This line assumes that there is a script called handle_tcp_wrapper in the /usr/local/nagios/libexec/eventhandlers/ directory on firestorm. We'll write that script next.

11.3.4. Writing The Script

The last thing you need to do is write the handle_tcp_wrapper script on firestorm that will send the alert back to the Nagios server. It might look something like this:

例 11.3. 

#!/bin/sh

/usr/local/nagios/libexec/eventhandlers/submit_check_result firestorm "TCP Wrappers" 2 "Denied $2-$1" > /dev/null 2> /dev/null


Notice that the handle_tcp_wrapper script calls the submit_check_result script to actually send the alert back to the monitoring host. Assuming your Nagios server is called monitor, the submit check_result script might look like this:

例 11.4. 

#!/bin/sh

# Arguments

# $1 = name of host in service definition

# $2 = name/description of service in service definition

# $3 = return code

# $4 = output

/bin/echo -e "$1\t$2\t$3\t$4\n" | /usr/local/nagios/bin/send_nsca monitor -c /usr/local/nagios/etc/send_nsca.cfg


11.3.5. Finishing Up

You've now configured everything you need to, so all you have to do is restart the inetd process on firestorm and restart Nagios on your monitoring server. That's it! When the TCP wrappers on firestorm deny a connection attempt, you should be getting alerts in Nagios. The plugin output for the alert will look something like the following:

例 11.5. 

Denied sshd2-sdn-ar-002mnminnP321.dialsprint.net

11.4. Nagios外部构件

11.4.1. 介绍

Nagios有许多“外部构件”软件包可供使用。外部构件可以扩展Nagios的应用并使之与其他软件集成。

外部构件可用于:

  1. 通过WEB接口来管理配置文件
  2. 监控远程主机(*NIX, Windows,等)
  3. 实现对远程主机的被动检测
  4. 减化并扩展告警逻辑
  5. ...和其他更多事情

你可以通过访问如下站点找寻外部构件:

这里对一些我开发的外部构件给一个简洁的介绍...

11.4.2. NRPE

NRPE是一个可在远程Linux/Unix主机上执行的插件的外部构件包。如果你需要监控远程的主机上的本地资源或属性,如磁盘利用率、CPU负荷、内存利用率等时是很有用的。象是用check_by_ssh插件来实现的功能一样,但是它不需要占用更多的监控主机的CPU负荷-当你需要监控成百上千个主机是这个很重要。

NRPE外部构件包和文档可以在http://www.nagios.org/上找到。

11.4.3. NSCA

NSCA是一个可在远程Linux/Unix主机上执行被动检测并将结果传给Nagios守护进程的外部构件包。这在分布式冗余/失效监控的设置时非常有用。

NSCA外部构件包和文档可以在http://www.nagios.org/上找到。

11.4.4. NDOUtils

NDOUtils是一个可以把全部状态信息保存到MySQL数据库里的外部构件。外个Nagios的库实例都可以把它们监控的信息保存到统一的中心数据库并集中报告。它将为一个Nagios新的基于PHH的WEB接口程序提供数据源服务。

NDOUtils外部构件包和文档可以在http://www.nagios.org/上找到。

第 12 章 开发相关

12.1. 使用内嵌Perl解释器

12.1.1. 介绍

Nagios编译时可以选择支持内嵌Perl解释器。这使得Nagios可以用更高效率来执行Perl所写插件,因而如果严重依赖于Perl写的插件的话可能是个好消息。没有内嵌Perl解释器,Nagios将通过象外部命令一样用派生和执行的方法利用Perl所写的插件。当编译中选择了支持内嵌Perl解释器时,Nagios可以象调用库一样来执行Perl插件。

提示

The embedded Perl interpreter works with all Perl scripts that Nagios executes - not just plugins. This documentation discusses the embedded Perl interpreter in relation to plugins used for host and service checks, but it applies just the same to other types of Perl scripts you may be using for other types of commands (e.g. notification scripts, event handler scripts, etc.).

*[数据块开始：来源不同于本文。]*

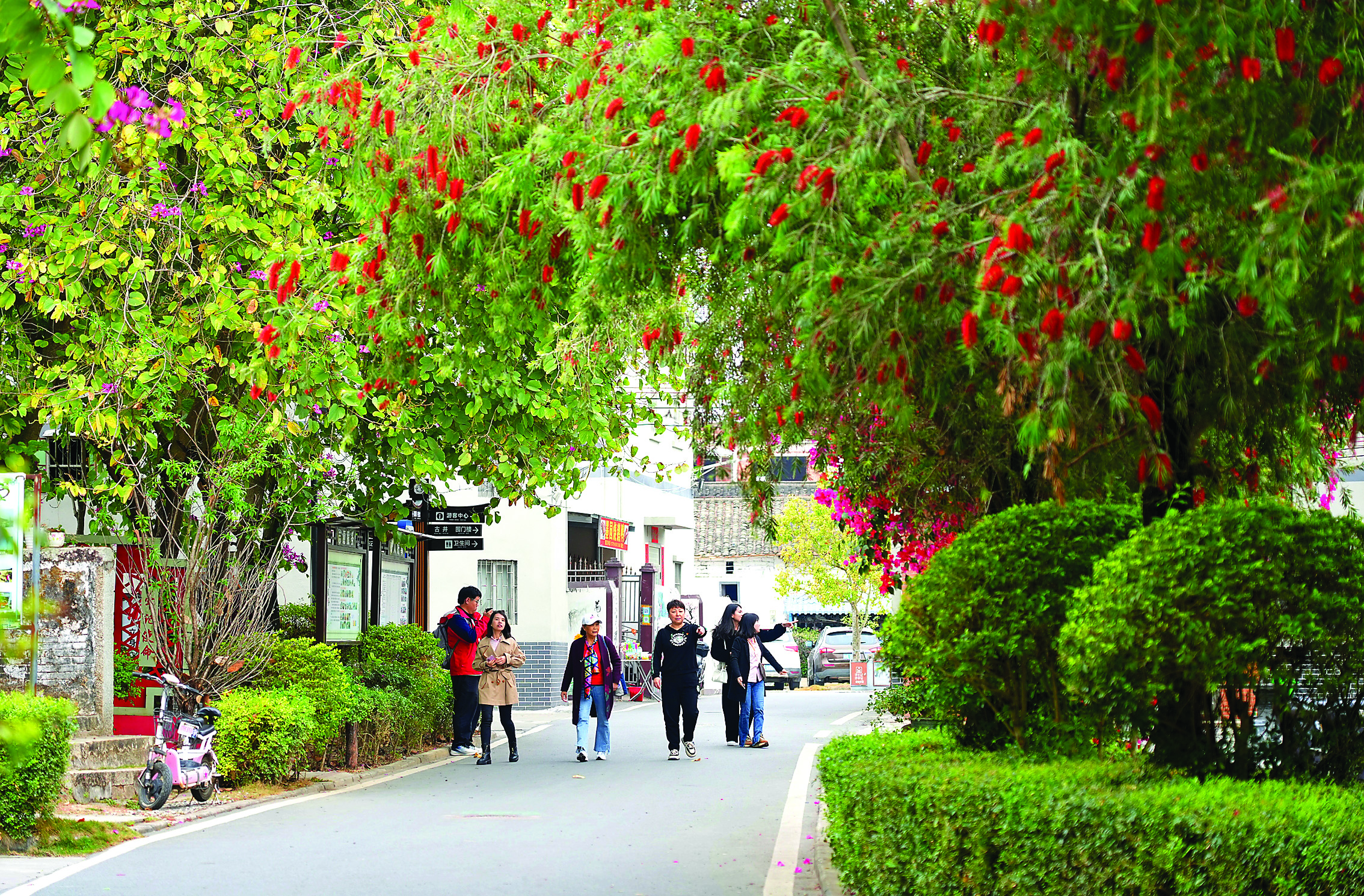 墨園村保留有大量的古建筑。春天里,村內(nèi)花開遍野、春意盎然,與古建筑相映成趣。記者到訪時,村內(nèi)迎來一撥又一撥游客,大家都沉浸在美景中,忙著賞春色、品古韻。

Stephen Davies contributed the original embedded Perl interpreter code several years back. Stanley Hopcroft has been the primary person helping to improve the embedded Perl interpreter code quite a bit and has commented on the advantages/disadvanges of using it. He has also given several helpful hints on creating Perl plugins that work properly with the embedded interpreter. It should be noted that "ePN", as used in this documentation, refers to embedded Perl Nagios, or if you prefer, Nagios compiled with an embedded Perl interpreter.

12.1.2. Advantages

Some advantages of ePN (embedded Perl Nagios) include:

  1. Nagios will spend much less time running your Perl plugins because it no longer forks to execute the plugin (each time loading the Perl interpreter). Instead, it executes your plugin by making a library call.
  2. It greatly reduces the system impact of Perl plugins and/or allows you to run more checks with Perl plugin than you otherwise would be able to. In other words, you have less incentive to write plugins in other languages such as C/C++, or Expect/TCL, that are generally recognised to have development times at least an order of magnitude slower than Perl (although they do run about ten times faster also - TCL being an exception).
  3. If you are not a C programmer, then you can still get a huge amount of mileage out of Nagios by letting Perl do all the heavy lifting without having Nagios slow right down. Note however, that the ePN will not speed up your plugin (apart from eliminating the interpreter load time). If you want fast plugins then consider Perl XSUBs (XS), or C after you are sure that your Perl is tuned and that you have a suitable algorithm (Benchmark.pm is invaluable for comparing the performance of Perl language elements).
  4. Using the ePN is an excellent opportunity to learn more about Perl.

12.1.3. Disadvantages

The disadvantages of ePN (embedded Perl Nagios) are much the same as Apache mod_perl (i.e. Apache with an embedded interpreter) compared to a plain Apache:

  1. A Perl program that works fine with plain Nagios may not work with the ePN. You may have to modify your plugins to get them to work.
  2. Perl plugins are harder to debug under an ePN than under a plain Nagios.
  3. Your ePN will have a larger SIZE (memory footprint) than a plain Nagios.
  4. Some Perl constructs cannot be used or may behave differently than what you would expect.
  5. You may have to be aware of 'more than one way to do it' and choose a way that seems less attractive or obvious.
  6. You will need greater Perl knowledge (but nothing very esoteric or stuff about Perl internals - unless your plugin uses XSUBS).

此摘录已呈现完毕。